Одиночество спасает душу. Нет даже искуса прибегнуть к злой магии. А от скуки и отупения спасает умение осознавать. Когда живешь, осознавая все, что делаешь, то никогда не устаешь и тебе никогда не бывает скучно. Даже дело, которое тебе не нравится и раздражает, при правильном осознании его тебе никогда не наскучит. А если ты занимаешься чем-то приятным, радость поселяется в тебе надолго. Я убеждена, что осознание — самая трудная работа для души.
Я помогала Хиуру при родах и она родила девочку. Потом я часто приходила с ней поиграть. А еще пару лет спустя я извлекла свой имплантант. Сначала в оставшуюся крошечную дырочку я вдела суровую нитку, а когда все поджило, подвесила старинное украшение, которое я нашла в руинах во время странствий. Я вспомнила, что когда-то на корабле видела нечто подобное у одного из мужчин. Я прицепила серьгу перед тем, как отправиться на холмы за ягодами, но я не пошла в долину Красных Камней. Живший там мужчина вел себя так, словно он имеет на меня какие-то права. Я все еще любила его, но мне не нравился исходящий от него запах магии, его воображаемой власти надо мной. На сей раз я пошла на север.
Где-то одновременно со мной в нашем поселении появились два новых мужчины; они поселились в Северном Доме вдвоем. Юноши на Территории довольно часто разбиваются по парочкам и потом, возмужав, поселяются вместе. Это помогает им выжить. Некоторых из них действительно связывает секс, некоторых — вопрос выживания, поэтому уходя с Территории, некоторые пары расстаются. И прошлым летом один из них ушел с другим мужчиной. Того, что остался, нельзя было назвать красивым, но я заметила его. В его коренастом сильном теле было нечто, вселяющее уверенность. Я уже несколько раз заглядывала к нему, но он был слишком робок. В тот день Серебряной Поры, когда туман плотно укутал реку, он увидел висящее у меня в ухе украшение и глаза его потеплели.

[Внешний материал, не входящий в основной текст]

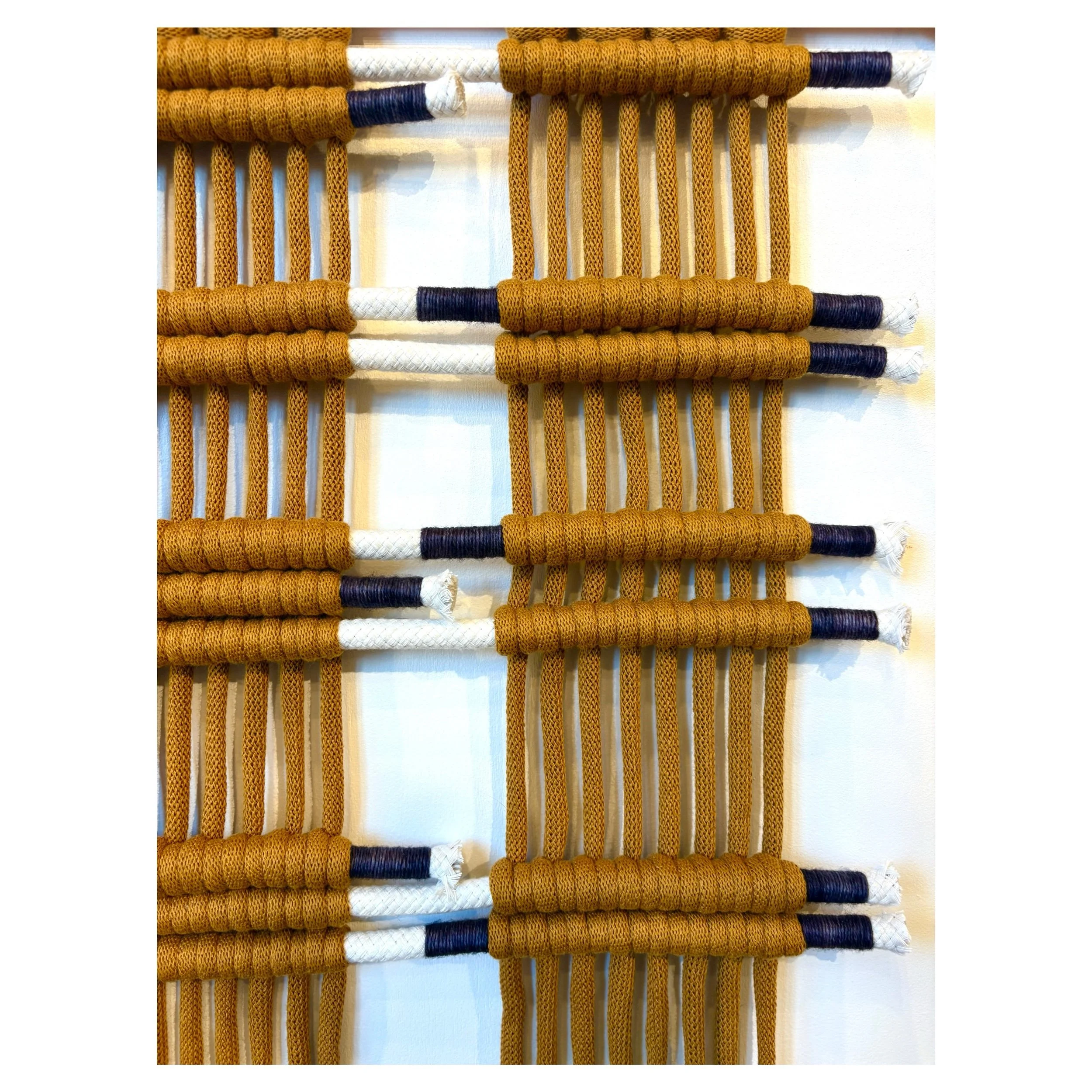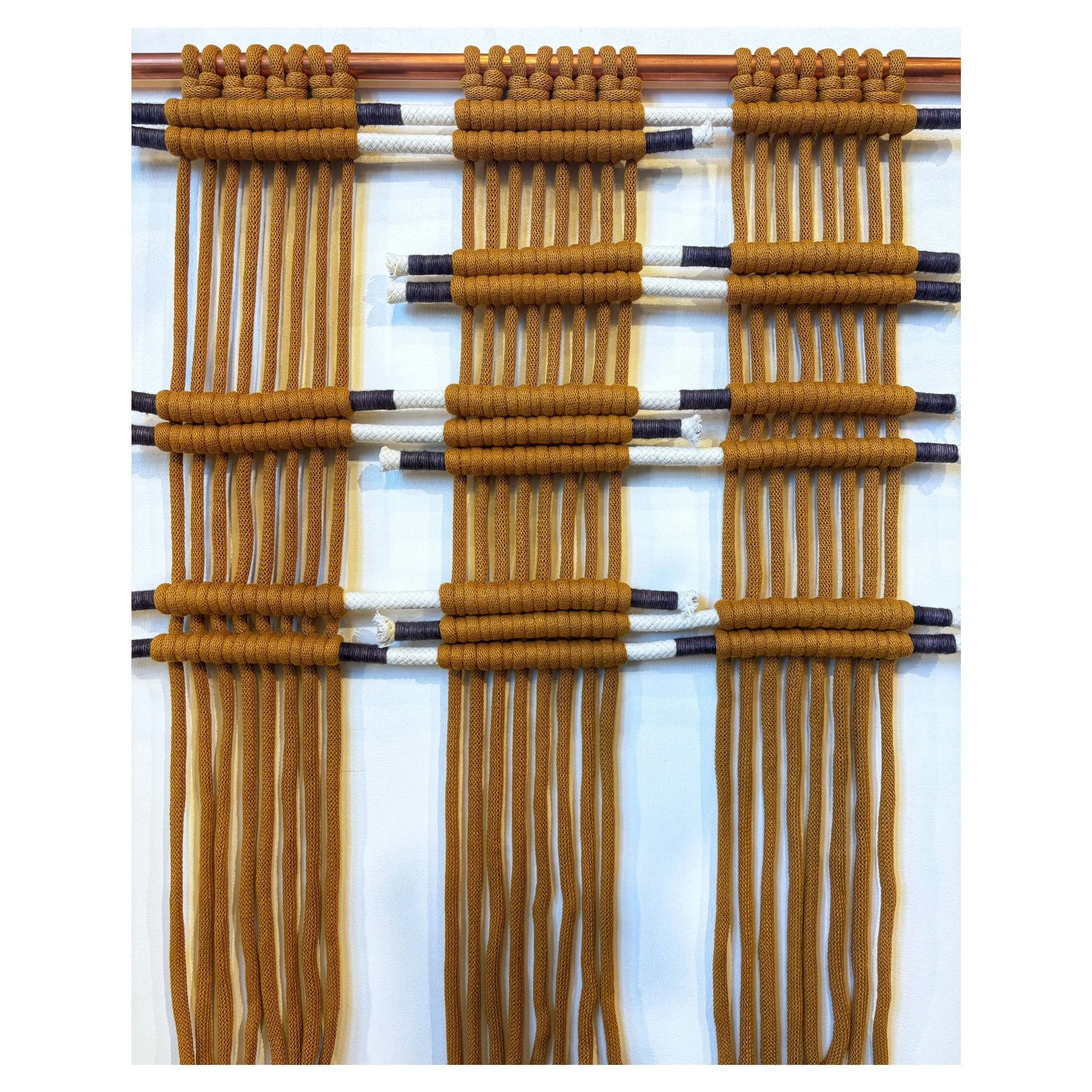 Modem fiber wall hanging made from mustard and white cotton braided cord with charcoal hand-wrapped accents. Hangs from copper pipe.

«Правда, красиво?» — спросила я.
Он кивнул.
«Я надела его, чтобы ты хоть раз взглянул на меня.»
Но он до того засмущался, что я уже в открытую добавила: «Если тебе нравится секс только с мужчинами, так и скажи.» Честно говоря, я сильно побаивалась, что так и есть.
«Нет, нет, — наконец заикаясь выдавил он из себя, — Нет.» А затем вдруг бросился бежать по тропинке, но у поворота остановился и оглянулся. Я медленно пошла за ним, так и не понимая чего же он хочет на самом деле: чтобы я шла за ним или хочет, чтобы я оставила его в покое.
Он все же ждал меня. А рядом, под корнями красного дерева, была вырыта небольшая землянка. Ветви, спускавшиеся до самой земли полностью прикрывали ее, можно было пройти рядом на расстоянии вытянутой руки и ничего не заметить. А внутри она была вся выстелена пышной свежей травой все еще пахнущей летним солнцем. Вход был таким низким, что войти можно было только пригнувшись. Я вошла и села на охапку пахнущей летом травы. Он все еще стоял снаружи. «Заходи», — позвала я и он зашел.
«Я сделал ее для тебя», — признался он.
«Ну а теперь сделай мне еще и ребенка», — сказала я.
И мы это сделали. Может быть в тот же самый день, а может и в какой другой.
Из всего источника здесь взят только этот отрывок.